#### Description of the task:
Range to repeat from the listing below: the line containing "朝の登校の様子です。昨年同様" down to the line containing "그림1: 예제 그래프", both included. Copy it exactly, pictures excluded, and add nothing else.

#### Records shown:
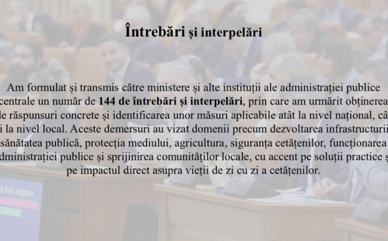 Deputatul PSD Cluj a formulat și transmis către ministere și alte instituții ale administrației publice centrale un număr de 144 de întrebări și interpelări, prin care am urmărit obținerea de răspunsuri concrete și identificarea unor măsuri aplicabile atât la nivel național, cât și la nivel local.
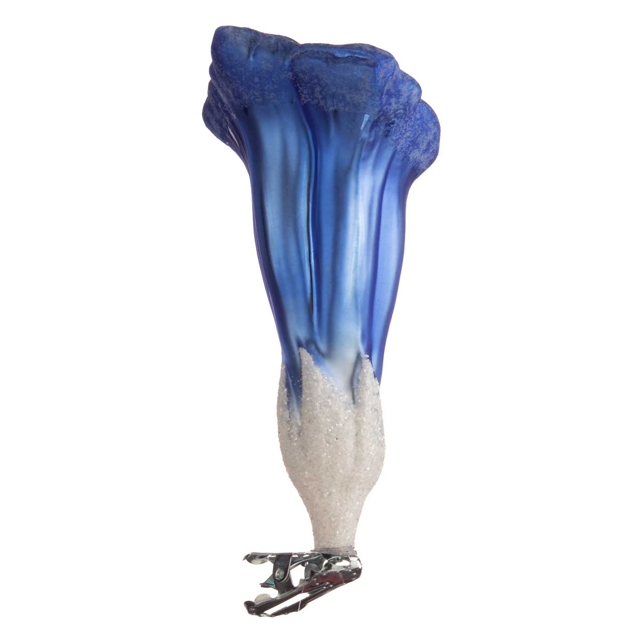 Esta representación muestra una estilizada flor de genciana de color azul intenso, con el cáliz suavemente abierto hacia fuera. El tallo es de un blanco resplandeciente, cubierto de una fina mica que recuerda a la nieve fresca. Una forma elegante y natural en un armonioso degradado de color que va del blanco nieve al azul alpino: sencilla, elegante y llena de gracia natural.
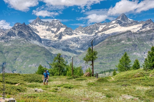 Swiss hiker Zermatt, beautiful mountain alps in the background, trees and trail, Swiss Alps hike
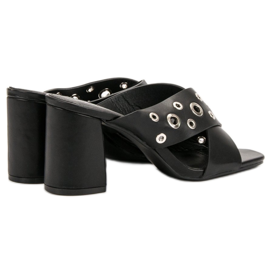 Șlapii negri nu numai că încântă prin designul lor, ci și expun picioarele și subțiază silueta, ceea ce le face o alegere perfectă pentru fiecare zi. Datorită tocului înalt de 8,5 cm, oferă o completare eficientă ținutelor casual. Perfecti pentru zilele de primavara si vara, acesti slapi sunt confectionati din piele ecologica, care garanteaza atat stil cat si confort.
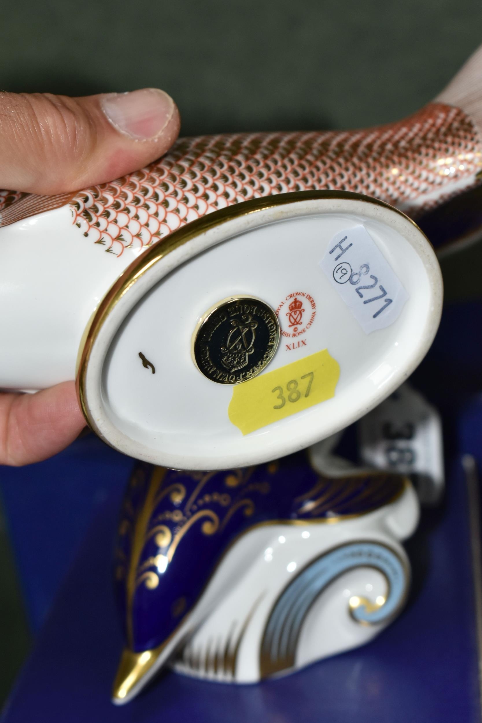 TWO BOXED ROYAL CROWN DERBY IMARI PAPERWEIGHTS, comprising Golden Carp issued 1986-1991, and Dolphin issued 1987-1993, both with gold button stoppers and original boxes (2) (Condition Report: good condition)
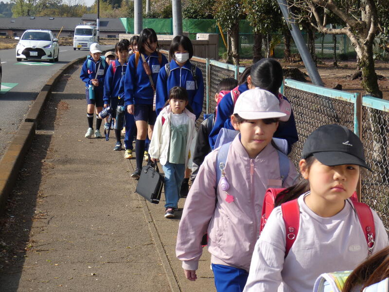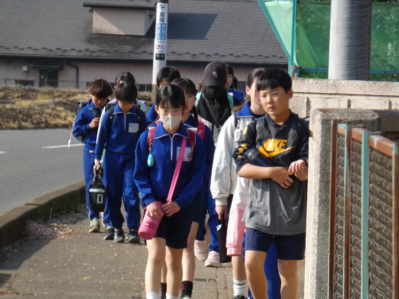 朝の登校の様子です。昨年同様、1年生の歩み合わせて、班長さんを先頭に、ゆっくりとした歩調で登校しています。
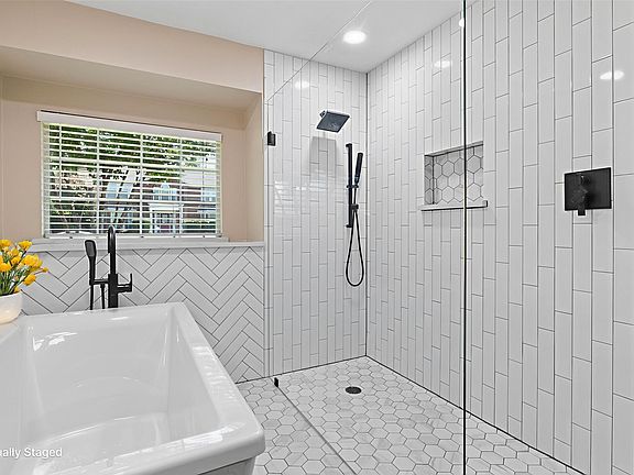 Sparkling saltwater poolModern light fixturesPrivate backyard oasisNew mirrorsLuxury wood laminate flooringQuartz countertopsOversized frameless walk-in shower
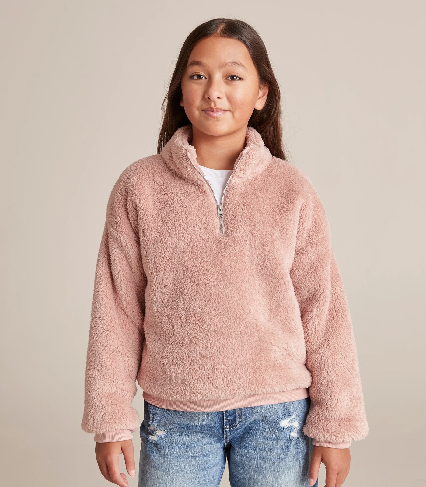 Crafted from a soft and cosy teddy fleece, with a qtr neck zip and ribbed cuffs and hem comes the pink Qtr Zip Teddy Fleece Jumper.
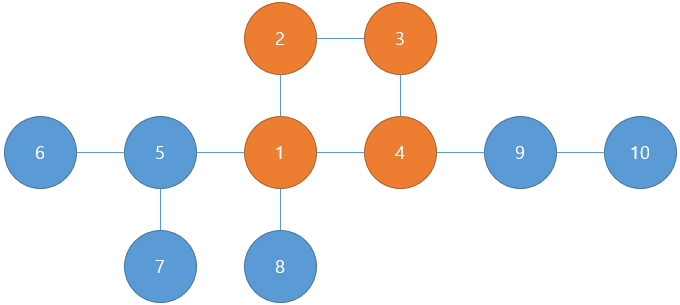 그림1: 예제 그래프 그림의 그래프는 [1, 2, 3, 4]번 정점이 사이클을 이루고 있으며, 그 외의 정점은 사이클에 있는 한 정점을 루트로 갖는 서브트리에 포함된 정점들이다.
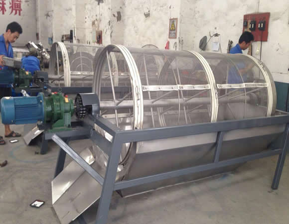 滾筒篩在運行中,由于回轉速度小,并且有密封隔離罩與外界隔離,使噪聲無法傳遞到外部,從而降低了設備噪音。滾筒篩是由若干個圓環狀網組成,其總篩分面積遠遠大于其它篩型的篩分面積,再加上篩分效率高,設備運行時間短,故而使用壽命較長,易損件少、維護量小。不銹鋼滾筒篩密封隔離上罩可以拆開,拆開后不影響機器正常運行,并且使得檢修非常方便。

#### Output of the exercise:
 朝の登校の様子です。昨年同様、1年生の歩み合わせて、班長さんを先頭に、ゆっくりとした歩調で登校しています。
 Sparkling saltwater poolModern light fixturesPrivate backyard oasisNew mirrorsLuxury wood laminate flooringQuartz countertopsOversized frameless walk-in shower
 Crafted from a soft and cosy teddy fleece, with a qtr neck zip and ribbed cuffs and hem comes the pink Qtr Zip Teddy Fleece Jumper.
 그림1: 예제 그래프 그림의 그래프는 [1, 2, 3, 4]번 정점이 사이클을 이루고 있으며, 그 외의 정점은 사이클에 있는 한 정점을 루트로 갖는 서브트리에 포함된 정점들이다.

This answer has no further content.